(The task)
Return the entries verbatim and drop every picture.

*** Begin section ***

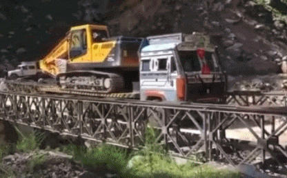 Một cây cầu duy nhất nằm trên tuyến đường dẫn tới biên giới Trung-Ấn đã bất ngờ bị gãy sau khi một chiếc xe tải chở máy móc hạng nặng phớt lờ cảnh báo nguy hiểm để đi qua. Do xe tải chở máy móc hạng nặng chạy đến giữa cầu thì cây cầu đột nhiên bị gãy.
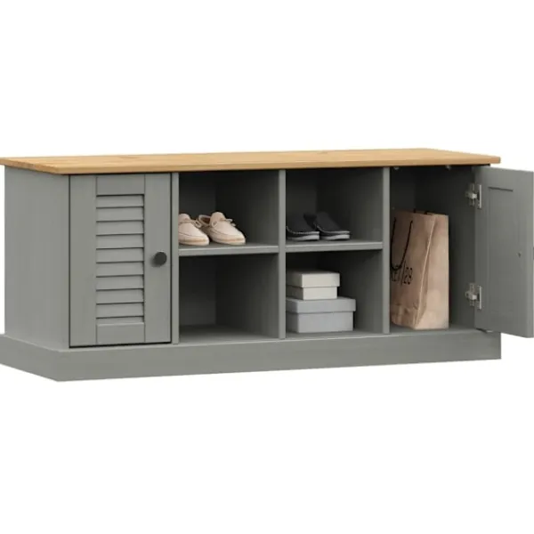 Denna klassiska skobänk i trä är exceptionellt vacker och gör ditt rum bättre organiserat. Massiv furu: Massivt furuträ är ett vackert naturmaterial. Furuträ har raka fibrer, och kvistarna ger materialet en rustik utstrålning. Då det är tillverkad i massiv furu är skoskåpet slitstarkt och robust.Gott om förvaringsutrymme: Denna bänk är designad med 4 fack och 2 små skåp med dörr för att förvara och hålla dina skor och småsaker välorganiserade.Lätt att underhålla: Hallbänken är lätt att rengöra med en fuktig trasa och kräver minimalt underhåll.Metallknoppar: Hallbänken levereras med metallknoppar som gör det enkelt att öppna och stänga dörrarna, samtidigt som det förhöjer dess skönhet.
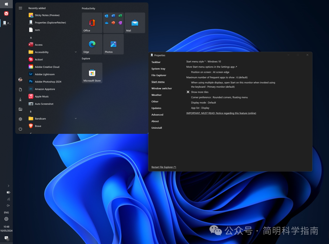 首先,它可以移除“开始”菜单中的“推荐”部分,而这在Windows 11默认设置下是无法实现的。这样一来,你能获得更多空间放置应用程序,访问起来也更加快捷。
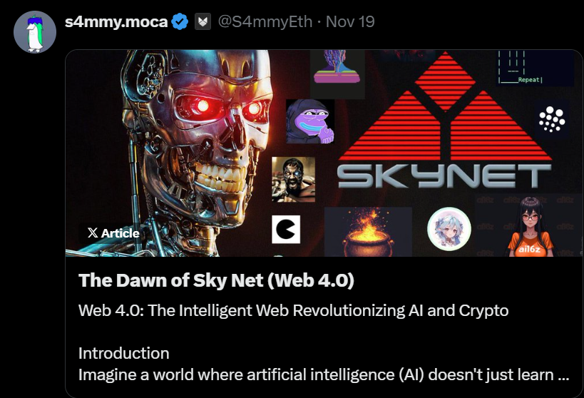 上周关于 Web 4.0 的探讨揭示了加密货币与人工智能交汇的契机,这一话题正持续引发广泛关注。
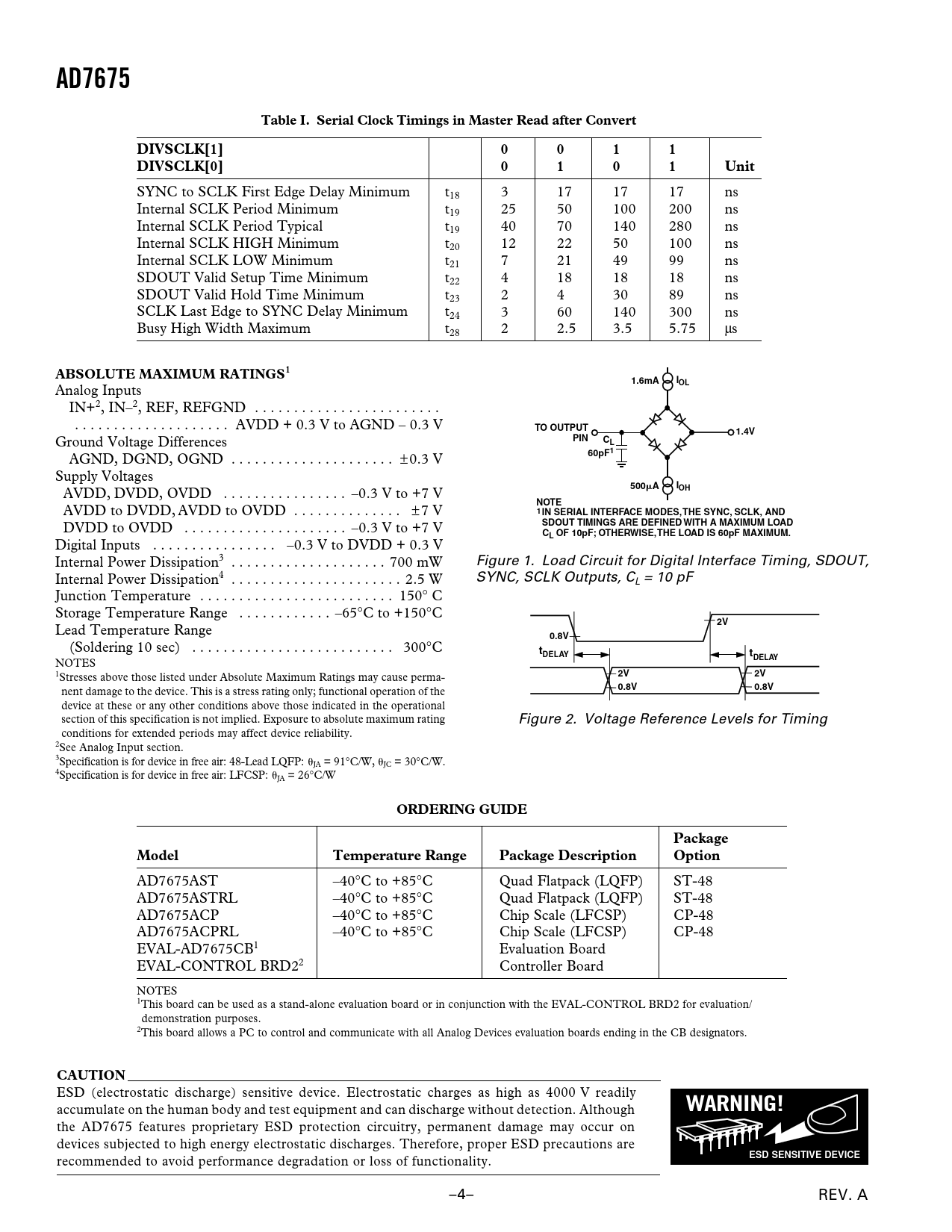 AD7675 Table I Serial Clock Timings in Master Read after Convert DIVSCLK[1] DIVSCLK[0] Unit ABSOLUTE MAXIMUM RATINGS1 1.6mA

*** End section ***

(Written answer)
 Một cây cầu duy nhất nằm trên tuyến đường dẫn tới biên giới Trung-Ấn đã bất ngờ bị gãy sau khi một chiếc xe tải chở máy móc hạng nặng phớt lờ cảnh báo nguy hiểm để đi qua. Do xe tải chở máy móc hạng nặng chạy đến giữa cầu thì cây cầu đột nhiên bị gãy.
 Denna klassiska skobänk i trä är exceptionellt vacker och gör ditt rum bättre organiserat. Massiv furu: Massivt furuträ är ett vackert naturmaterial. Furuträ har raka fibrer, och kvistarna ger materialet en rustik utstrålning. Då det är tillverkad i massiv furu är skoskåpet slitstarkt och robust.Gott om förvaringsutrymme: Denna bänk är designad med 4 fack och 2 små skåp med dörr för att förvara och hålla dina skor och småsaker välorganiserade.Lätt att underhålla: Hallbänken är lätt att rengöra med en fuktig trasa och kräver minimalt underhåll.Metallknoppar: Hallbänken levereras med metallknoppar som gör det enkelt att öppna och stänga dörrarna, samtidigt som det förhöjer dess skönhet.
 首先,它可以移除“开始”菜单中的“推荐”部分,而这在Windows 11默认设置下是无法实现的。这样一来,你能获得更多空间放置应用程序,访问起来也更加快捷。
 上周关于 Web 4.0 的探讨揭示了加密货币与人工智能交汇的契机,这一话题正持续引发广泛关注。
 AD7675 Table I Serial Clock Timings in Master Read after Convert DIVSCLK[1] DIVSCLK[0] Unit ABSOLUTE MAXIMUM RATINGS1 1.6mA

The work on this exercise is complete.